She didn’t believe that for a moment. He didn’t want to tell her which meant Ryla had been just as foul as a sister was supposed to be when they weren’t talking to each other. “I’ll let her get away with talking about me behind my back for now.” Then it occurred to her that her sister might never speak about her again. “I just don’t understand.”
“It’s really okay to break down here in the car. You’re safe here. No one can see you and I certainly won’t say a word. I would ask that you try not to in front of Ryla. Her heart is under a lot of strain and the stress of seeing you crying could be hazardous.”
Never had she ever carried tissues in her purse, but she still dug through the depths of the thing to see if she had any. To think, she’d complained about her flight being delayed. “I feel like such a jerk for asking Ryla to come pick me up. I had no idea.”
He remained silent for a moment before he spoke. “How could you? She was keeping it from you. When she said she was going to rest and then try to go get you, that’s when I had to step in as her nurse. Technically, I’m not supposed to tell her she can’t do things. But we’re friends first. I’ve known her since Duggy got loose last summer and ended up hiding from a stray cat on my back porch.”
Finally, something they could talk about that wouldn’t make her cry. Duggy was a lop-eared, bunny menace who didn’t like anyone but Ryla. “How in the world did Duggy escape? He’s always in that cage.”
“She lets him roam free all the time when no one else is around. He’s a good little guy. I just don’t want him on my back step. I can give pretty good first aid to people of any size or age…but a rabbit?” He chuckled again.
The sound resonated in the car.
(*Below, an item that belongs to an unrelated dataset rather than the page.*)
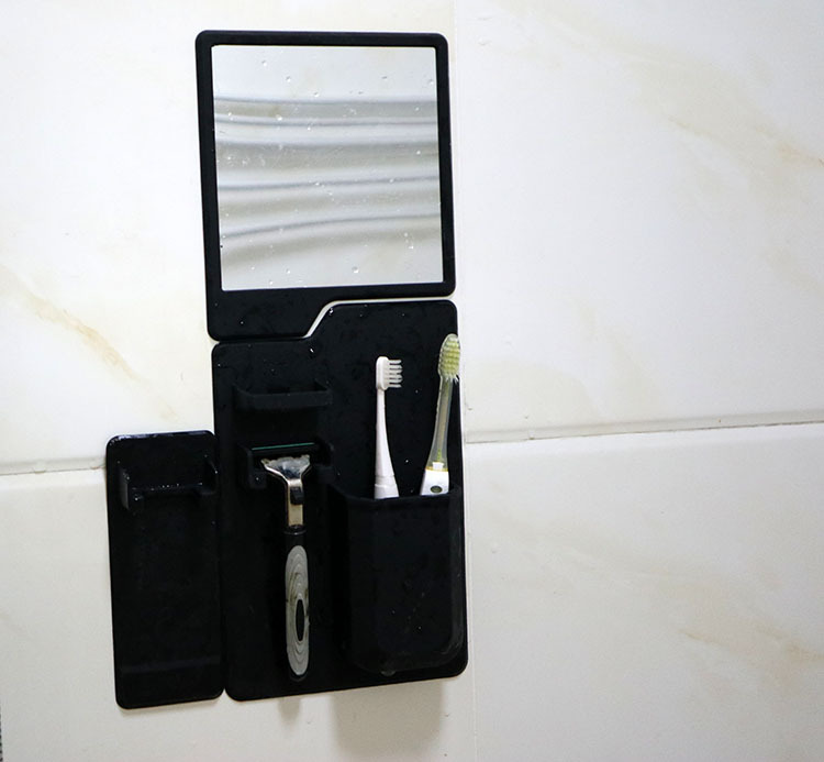Mighty Bathroom Organizer is not just a toothbrush holder, it's a space-saving design that keeps your bathroom accessories (razor, toothbrush, toothpaste) safe! It keeps your toothbrush hygienic, dry and clean. Perfect for every bathroom!

So masculine. Ben never sounded particularly manly. He often sounded just like any of her other random acquaintances. The difference was stark, and she hated that she couldn’t stop herself from comparing the two men.
“Will you be there when I go in, or will I see her with the other nurse there?” She didn’t want to face Ryla and a stranger with all the questions she had. Not that Paxton was much more than a stranger. But after an hour's drive, he’d be a lot closer to a friend.
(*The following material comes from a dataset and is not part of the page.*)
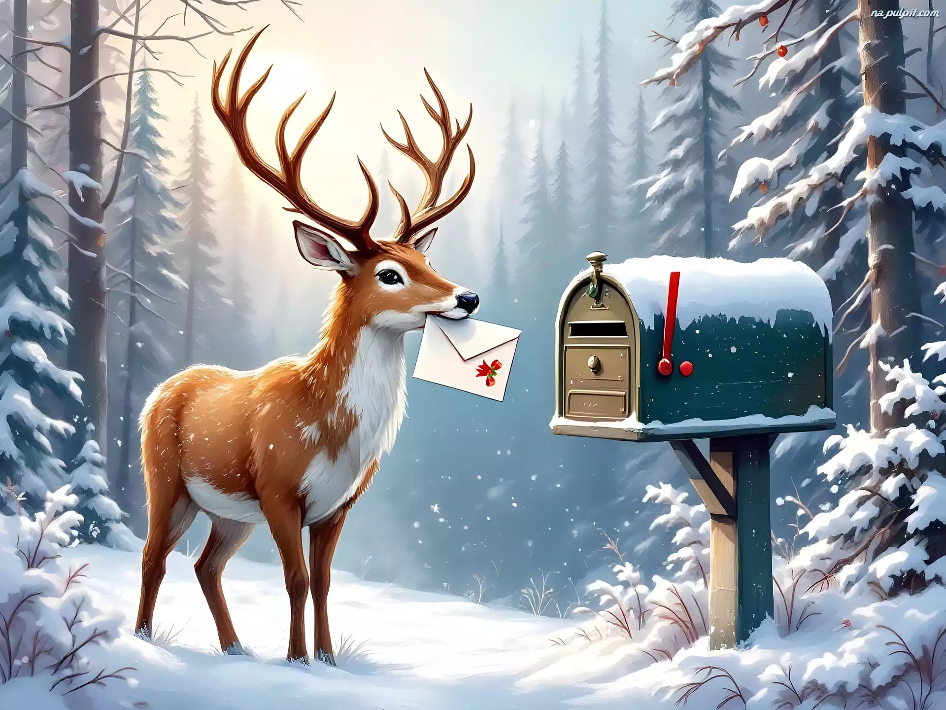 Skrzynka pocztowa, Zima, Jeleń, Las, List Na Pulpit

“I’ll go in with you, but I can’t stay long. Jane is on tonight and I’ll need sleep so I can be there for the morning shift. I’m usually there from the time Ryla wakes up until supper. Sometimes later, but that’s off the clock. She’s lonely.” He didn’t look at her, but he didn’t have to. Who else would he blame for her loneliness except family? They should be there for her and they’d obviously missed the mark completely.
“In our defense, if we’d known we could’ve been coming all this time.”
“I won’t say it’s indefensible because I have my own family issues. What I will say is that it shouldn’t take the approach of death for you to figure out someone is valuable. They were valuable the whole time.”
Work, Ben, art, life… All of them had taken precedence over Ryla. Quin dabbed at her nose with her sleeve. “I’ve always loved her. I’m just lousy at showing it.” She’d been a planner girl. Put something on the planner and do it. Too bad she’d been horrible at putting her sister in the planner.
“We all fail at something or another. I didn’t tell you about her to make you beat yourself up. You’ll do that enough yourself over the next few weeks if you’re human and I suspect you are.”
“I’m going to need to call Mom and Dad, aren’t I? I can’t do this alone.”
He sighed deeply and he gripped the wheel again, so tigh
tly his fingers looked thin. “I’m afraid Ryla has asked that no one call her parents until she’s gone. It’s part of her directive. Her mother told her when she first started showing signs of heart trouble that she would do everything in her power to keep her alive. That’s not what Ryla wants. She’s tired. You can do it if you want to go against her wishes. I can’t stop you, but I won’t do it.”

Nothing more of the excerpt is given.